[Data items]

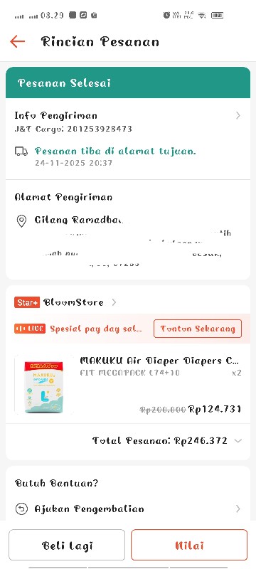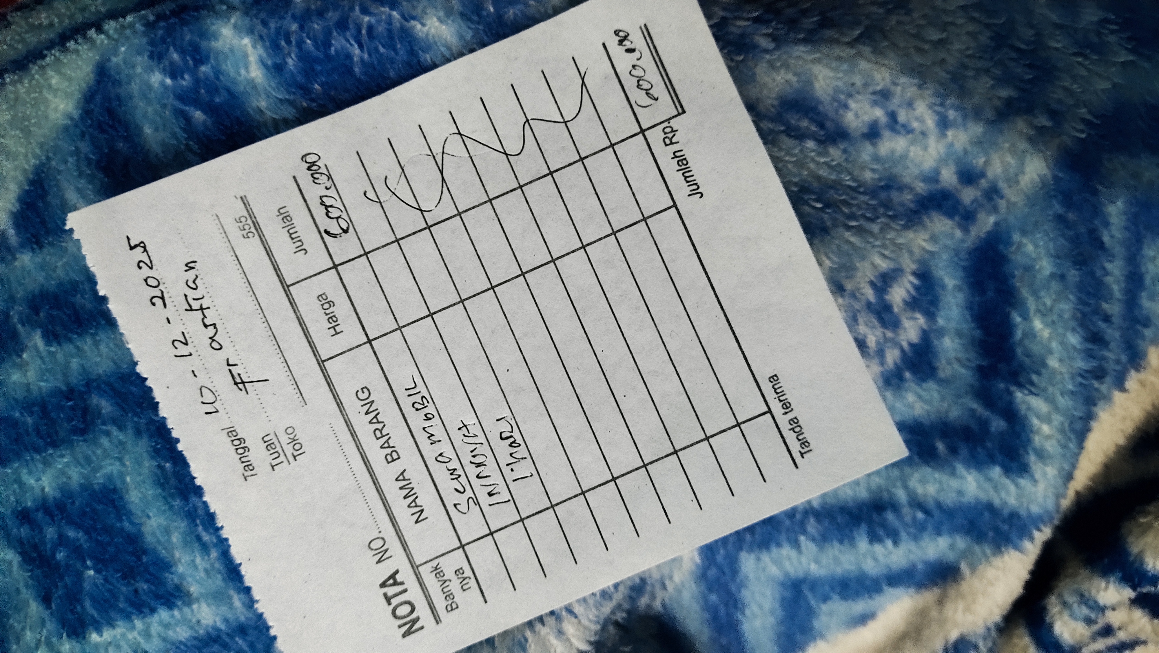 Dana diginakan untuk 1. Susu Dancow 1+ 1kg 3dus Rp. 298.000 2. Pampers makuku Xl 24 8ball Rp. 442.0002025-05-08 09:38:35
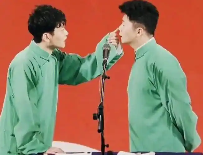 "趁着节目的空档,孟鹤堂找到了正坐在角落的周九良,同色的大褂挨在一
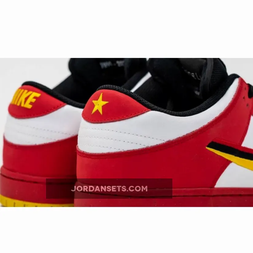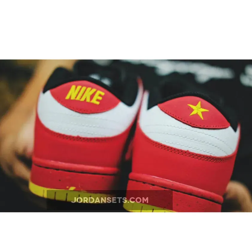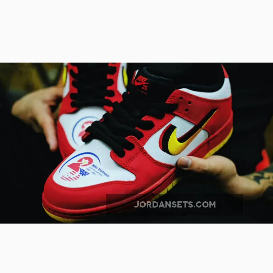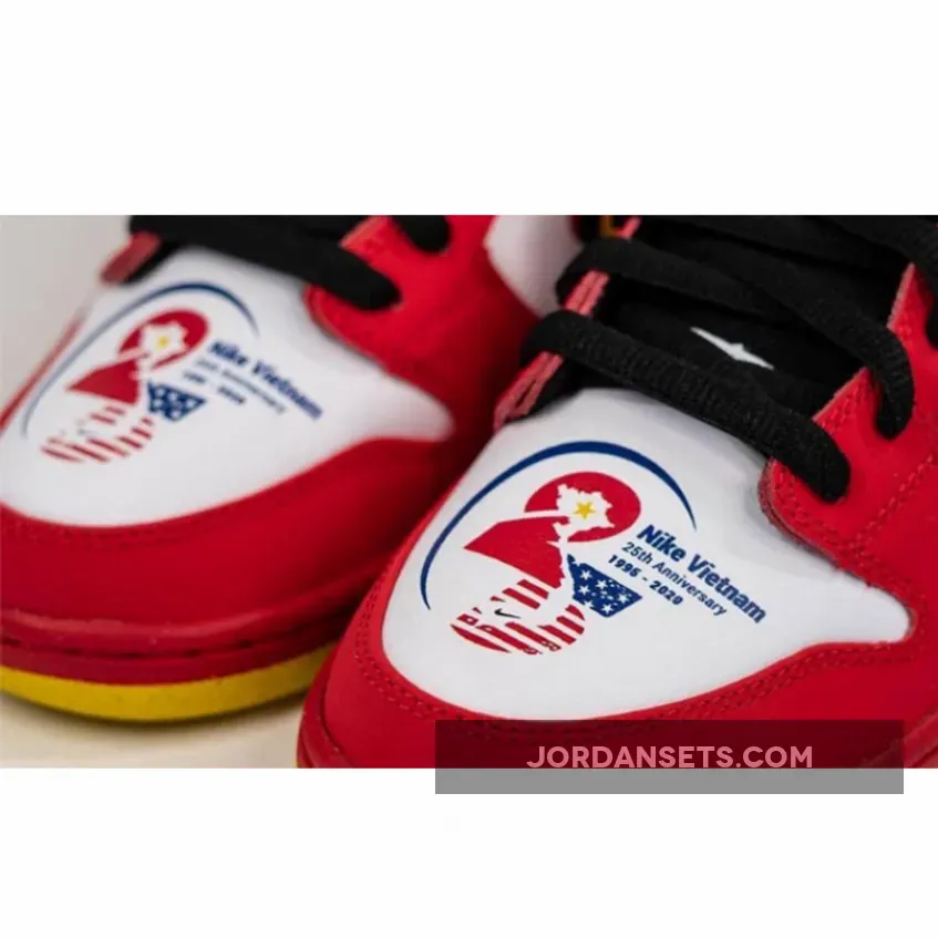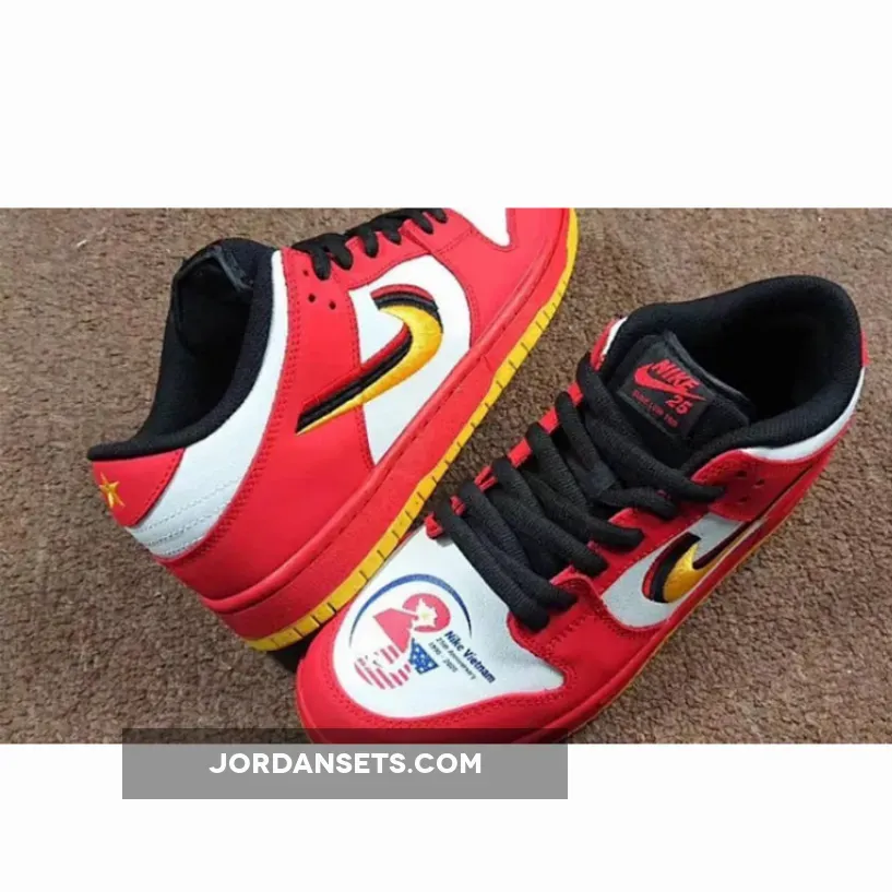 This offering of the Nike SB Dunk Low comes dressed in the Vietnam flag colors. It features a White base with Red overlays, embroidered triple-stacked Swooshes, a tongue label that swaps out the “SB” for the “25”, and a toe box graphic that nods to the commemoration.
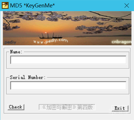 这里用《加密与解密(第4版)》随书文件 MD5KeyGenMe.exe 来分析。
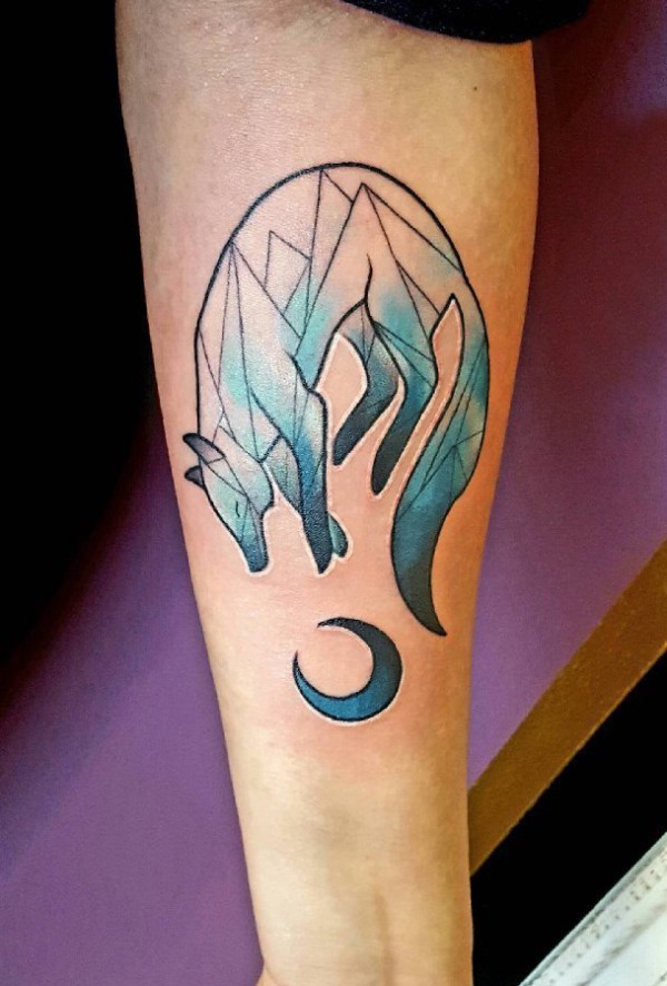 彩色狐狸纹身 男生手臂上彩色的狐狸纹身图片

• Exercise aim: All of the records must come back exactly as they stand, minus every picture.

• Solution:
 Dana diginakan untuk 1. Susu Dancow 1+ 1kg 3dus Rp. 298.000 2. Pampers makuku Xl 24 8ball Rp. 442.0002025-05-08 09:38:35
 "趁着节目的空档,孟鹤堂找到了正坐在角落的周九良,同色的大褂挨在一
 This offering of the Nike SB Dunk Low comes dressed in the Vietnam flag colors. It features a White base with Red overlays, embroidered triple-stacked Swooshes, a tongue label that swaps out the “SB” for the “25”, and a toe box graphic that nods to the commemoration.
 这里用《加密与解密(第4版)》随书文件 MD5KeyGenMe.exe 来分析。
 彩色狐狸纹身 男生手臂上彩色的狐狸纹身图片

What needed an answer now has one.